Supplied data:

--- --- ---

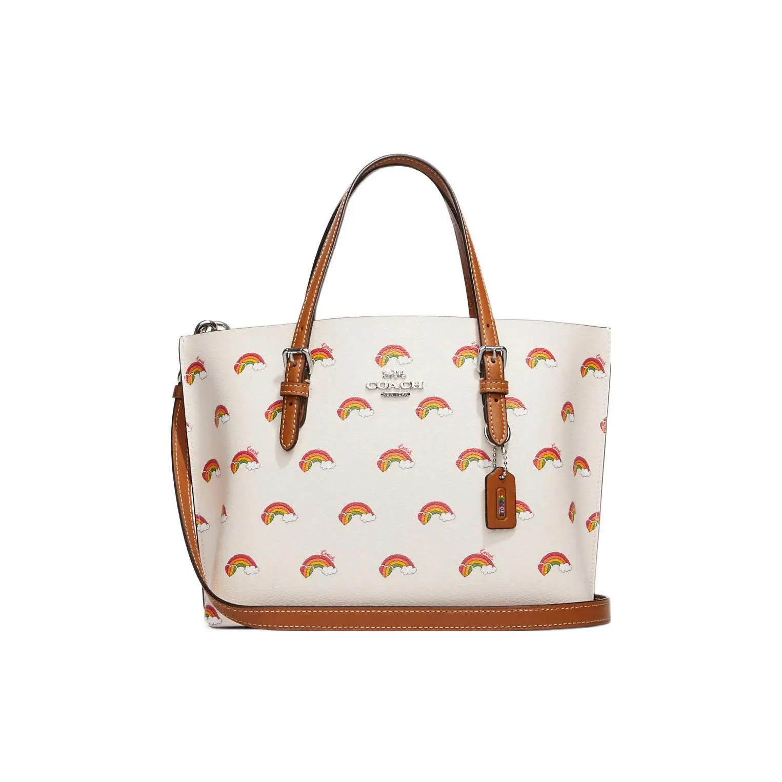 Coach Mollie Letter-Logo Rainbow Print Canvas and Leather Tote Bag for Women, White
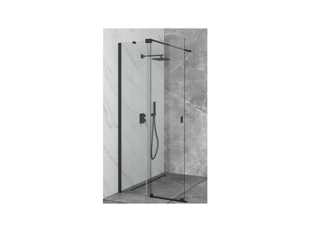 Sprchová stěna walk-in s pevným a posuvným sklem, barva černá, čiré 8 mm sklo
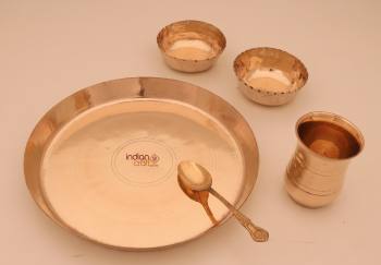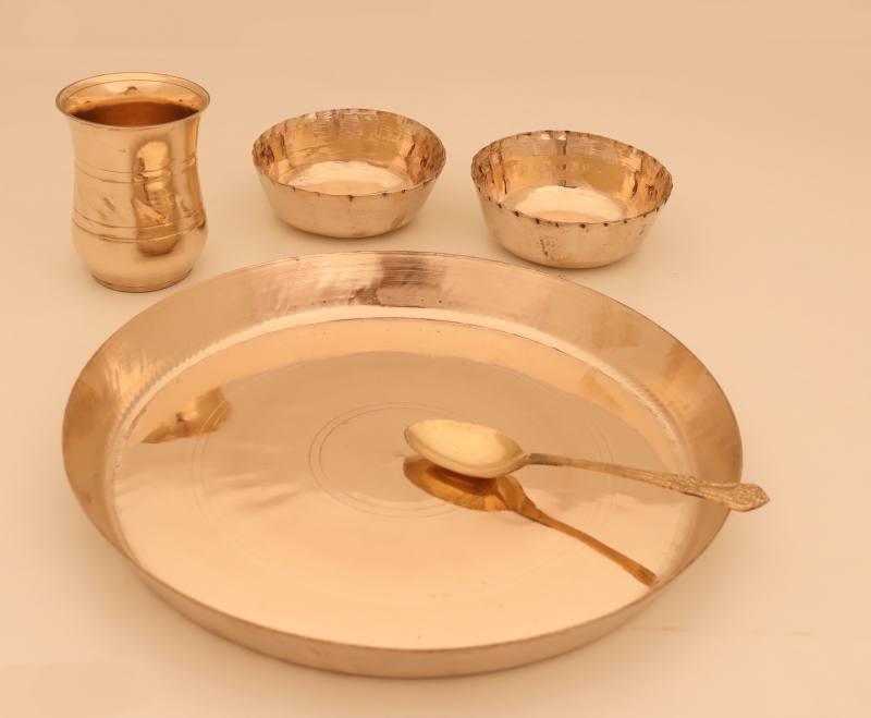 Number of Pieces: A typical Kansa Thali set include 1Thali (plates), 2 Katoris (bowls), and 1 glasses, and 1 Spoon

--- --- ---

Set down the data above verbatim, omitting every image.

Your response:
 Coach Mollie Letter-Logo Rainbow Print Canvas and Leather Tote Bag for Women, White
 Sprchová stěna walk-in s pevným a posuvným sklem, barva černá, čiré 8 mm sklo
 Number of Pieces: A typical Kansa Thali set include 1Thali (plates), 2 Katoris (bowls), and 1 glasses, and 1 Spoon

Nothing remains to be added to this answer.